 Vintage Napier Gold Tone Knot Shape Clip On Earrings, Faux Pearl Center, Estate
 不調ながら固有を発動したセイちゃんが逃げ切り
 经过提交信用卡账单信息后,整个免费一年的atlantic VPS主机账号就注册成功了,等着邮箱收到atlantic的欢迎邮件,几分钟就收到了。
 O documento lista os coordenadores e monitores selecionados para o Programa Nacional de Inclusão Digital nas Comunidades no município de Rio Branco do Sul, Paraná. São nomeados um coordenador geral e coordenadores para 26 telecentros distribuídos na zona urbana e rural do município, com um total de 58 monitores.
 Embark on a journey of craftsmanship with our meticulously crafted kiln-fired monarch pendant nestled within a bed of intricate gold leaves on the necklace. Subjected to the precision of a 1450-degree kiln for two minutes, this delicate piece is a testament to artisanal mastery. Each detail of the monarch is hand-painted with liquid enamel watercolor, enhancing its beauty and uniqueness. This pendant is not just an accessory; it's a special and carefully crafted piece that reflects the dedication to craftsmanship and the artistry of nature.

....

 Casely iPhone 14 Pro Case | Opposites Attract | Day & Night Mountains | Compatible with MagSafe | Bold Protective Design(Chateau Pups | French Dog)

....

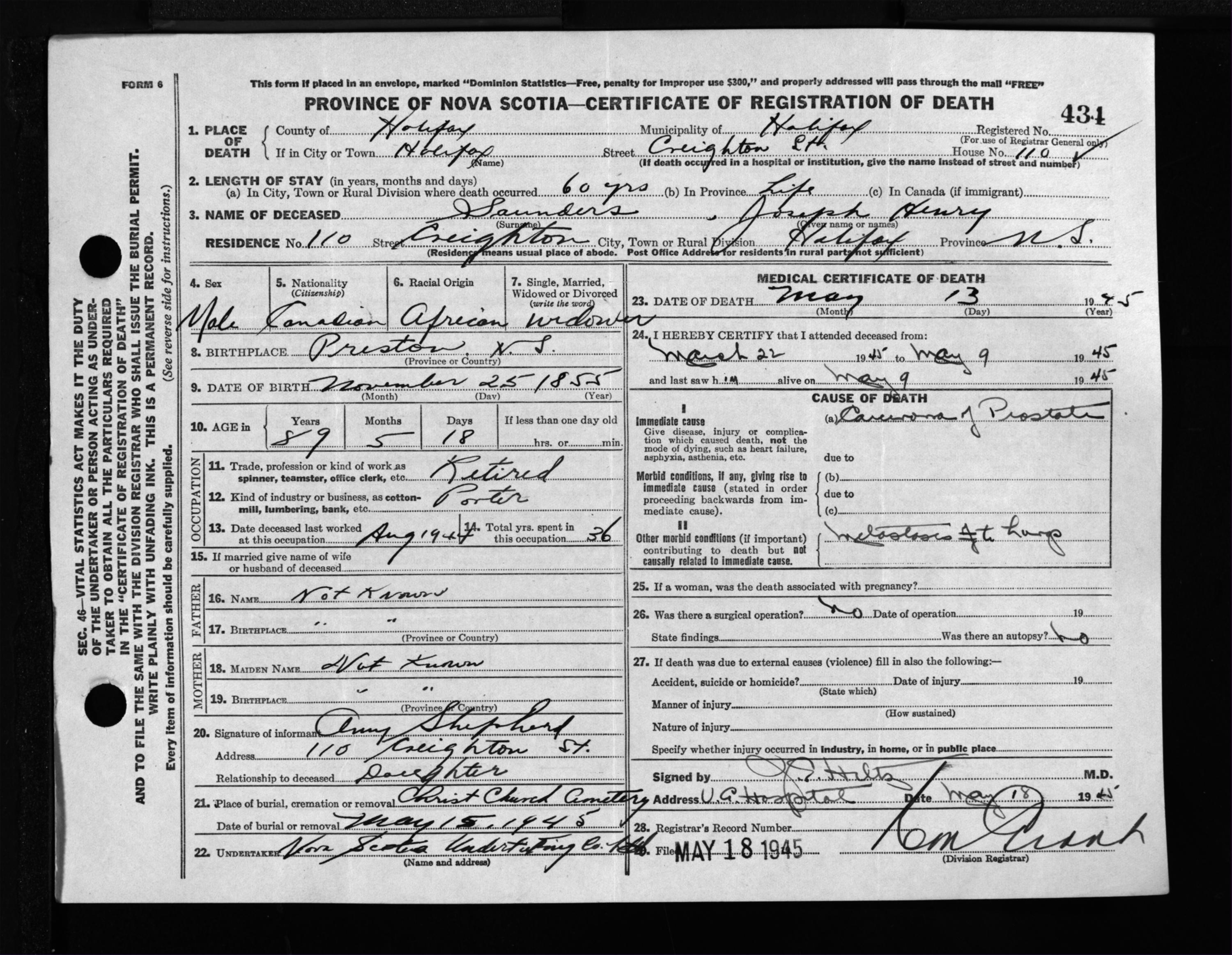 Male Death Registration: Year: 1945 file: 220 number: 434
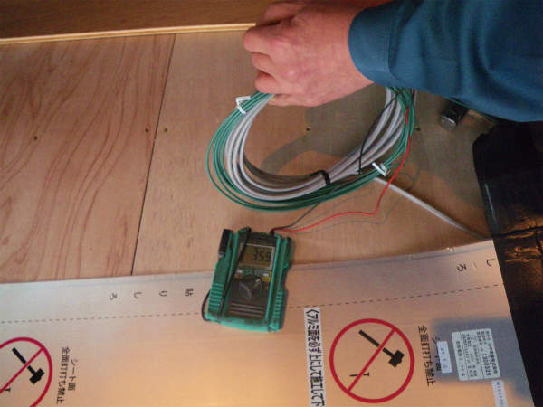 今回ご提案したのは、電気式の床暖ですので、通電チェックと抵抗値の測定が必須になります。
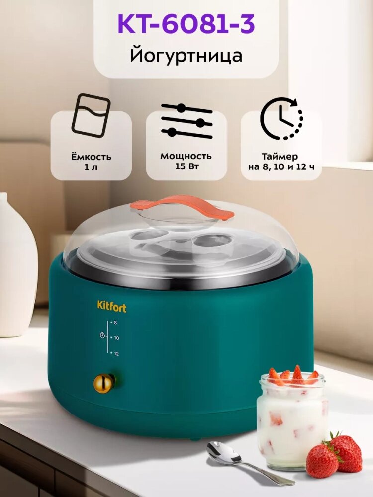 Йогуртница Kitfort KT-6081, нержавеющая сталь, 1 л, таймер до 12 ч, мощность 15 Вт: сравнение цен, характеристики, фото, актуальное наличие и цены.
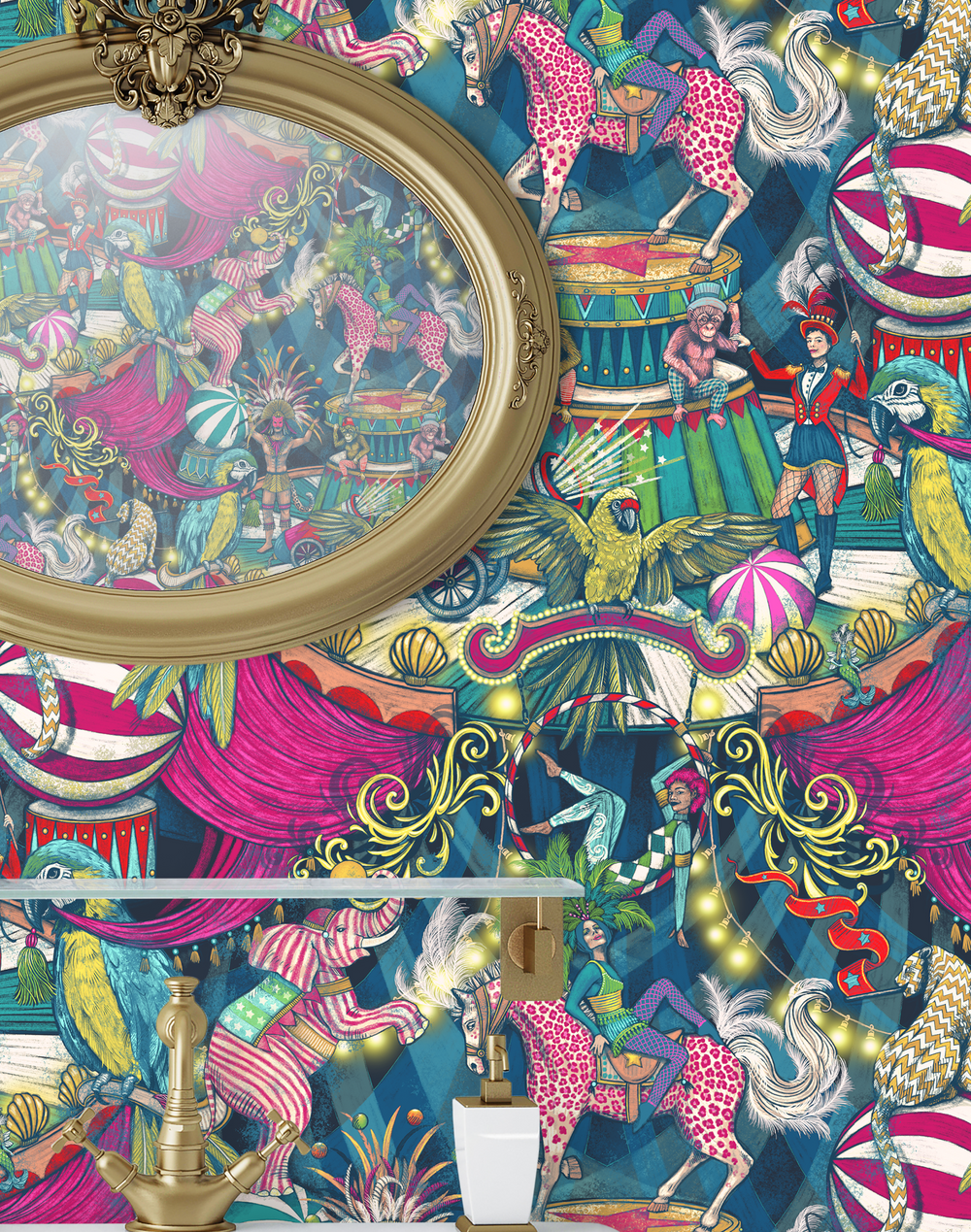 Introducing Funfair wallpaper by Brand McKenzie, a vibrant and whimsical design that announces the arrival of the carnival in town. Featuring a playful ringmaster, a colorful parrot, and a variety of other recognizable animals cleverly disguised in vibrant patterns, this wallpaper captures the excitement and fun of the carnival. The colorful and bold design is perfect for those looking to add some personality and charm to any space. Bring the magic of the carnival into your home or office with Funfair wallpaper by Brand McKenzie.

....

= Description of the task =
Taking the material above, extract exactly and only the lines from the line with "Vintage Napier Gold" to the line with "经过提交信用卡账单信息后,整", inclusive of both.

= Final answer =
 Vintage Napier Gold Tone Knot Shape Clip On Earrings, Faux Pearl Center, Estate
 不調ながら固有を発動したセイちゃんが逃げ切り
 经过提交信用卡账单信息后,整个免费一年的atlantic VPS主机账号就注册成功了,等着邮箱收到atlantic的欢迎邮件,几分钟就收到了。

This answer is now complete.